In due course, was deposited in each well 100µL of standardized inoculum, as previously mentioned, and the microtiter plates were incubated at room temperature (RT = 28°C ± 1°C) for seven days for the interpretation of results.
Every experiment was performed in duplicate. The concentrations inhibitory and fungicidal (MIC and MFC) of each sample, geometric mean inhibitory concentrations and minimal fungicidal (GMMIC and GMMFC) determining the concentration able to inhibit 50% or 100% of samples (MIC50 and MIC100, respectively).
Statistical analysis consisted of presentation of events in absolute numbers, percentages and averages, and used the Fisher exact test for the association of variables showing significance (p <0.05).
Determination of minimum inhibitory concentration (MIC) and minimal fungicidal concentration (MFC)
The determination of minimum inhibitory concentration of each sample was performed by visual observation of each well that showed a reduction of fungal growth and by reading the microtiter plates by the Microplate Manager program, model BenchMark Plus (Bio-Rad Laboratories Inc.) at 530nm. Taking into account the total growth (100%) in the control well, the percentage reduction in growth was attributed to the remaining wells. In microdilution plates after incubation (RT = 28°C ± 1°C), we observed the presence or absence of visible growth.
All yeast strains isolated from vaginal secretions were evaluated taxonomically, which were observed macroscopic and microscopic characteristics relevant to each species. The species of yeasts isolated from vaginal secretions tested in this study are shown in (Table 1).
The DRL lectin showed antifungal activity in four isolates, with geometric mean concentrations of 128µg/mL in C. guilliermondii (URM4975) and 4µg/mL in C. shehatae (URM4978), 64µg/mL in C. membranaefaciens (URM4983) and 128µg/mL in Kloeckera apiculata (URM5002).

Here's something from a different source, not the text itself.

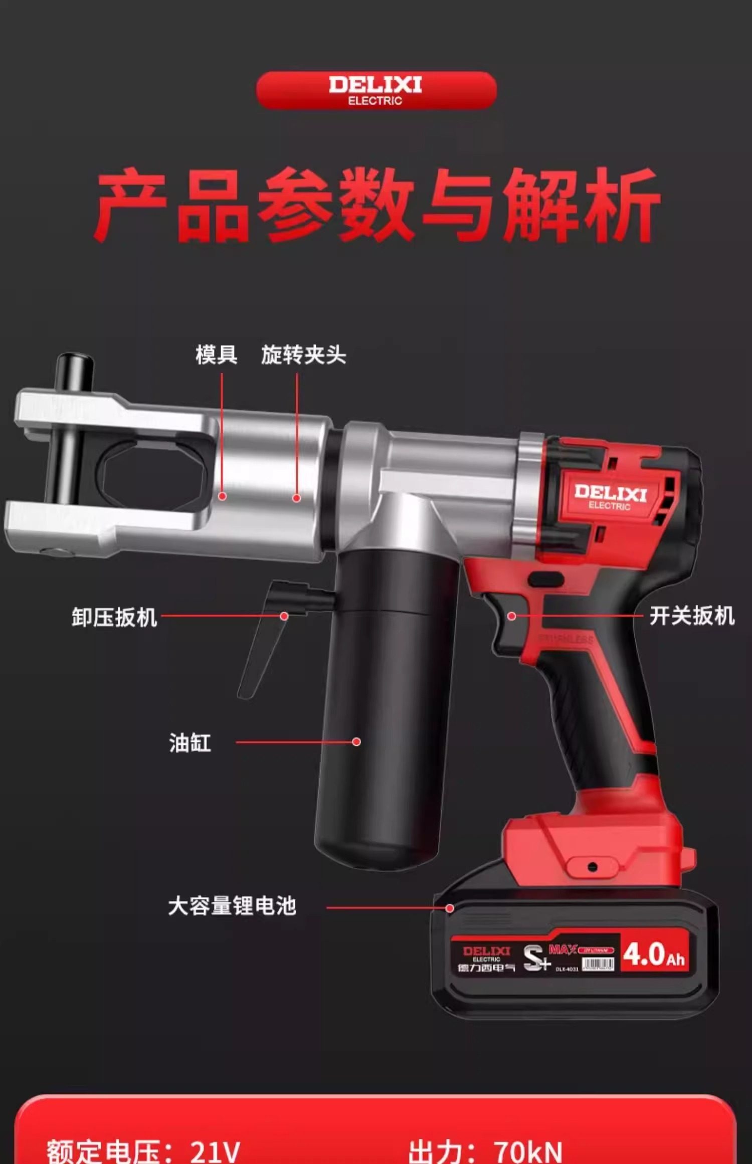 Delixi Electric Hydraulic Pliers Crimping Pliers Rechargeable Lithium Battery Wire Cable Hydraulic Copper Lug Electrician Crimping Pliers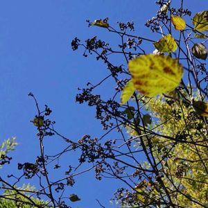 1、2 ケンポナシ(玄圃梨) クロウメモドキ科ケンポナシ属落葉高木 花期6〜7月 在来種 1枚目の梢に茶色く見えるのが果実です。2枚目は持ち帰り写した物。先っぽの丸いのが1㌢位の果実、その下にある果実を支える軸の部分が食べると梨のような部分です。 ケンポナシは枝ごと地面にたくさん落ちていました。 ケンポナシは、あの分類学の父と呼ばれるカール・フォン・リンネの弟子で、鎖国中の日本に来て植物調査したカール・ピーター・ツンベルクが学名を付けたそうです。日本他、東アジアの固有種です。 (サカタのタネ園芸通信東アジア植物記ケンポナシより抜粋引用しています) 3、4 ヌルデ(白膠木)の果実 ウルシ科ヌルデ属落葉小高木 在来種 ウルシ科でもかぶれることは少ないらしい。葉にできる虫癭が薬用、主な成分はタンニン 5 ツルマサキ(蔓柾木) 先日の松輪海岸付近ではオオバツルマサキを見ましたが(11/22投稿)これはツルマサキです。見え辛いですが蔓が見えています。

ConBr showed antifungal activity in ten isolates, C. albicans (URM4987), C. guilliermondii (URM4975), C. membranaefaciens (URM4983), C. parapsilosis (URM4984), C. shehatae (URM4978), C. tropicalis (URM6084), C. tropicalis (URM6089), C. tropicalis (URM4989), K.apiculata (URM5002), T. cutaneum (URM4973) with geometric mean concentrations ranging from 2-256µg/mL. (Table 2).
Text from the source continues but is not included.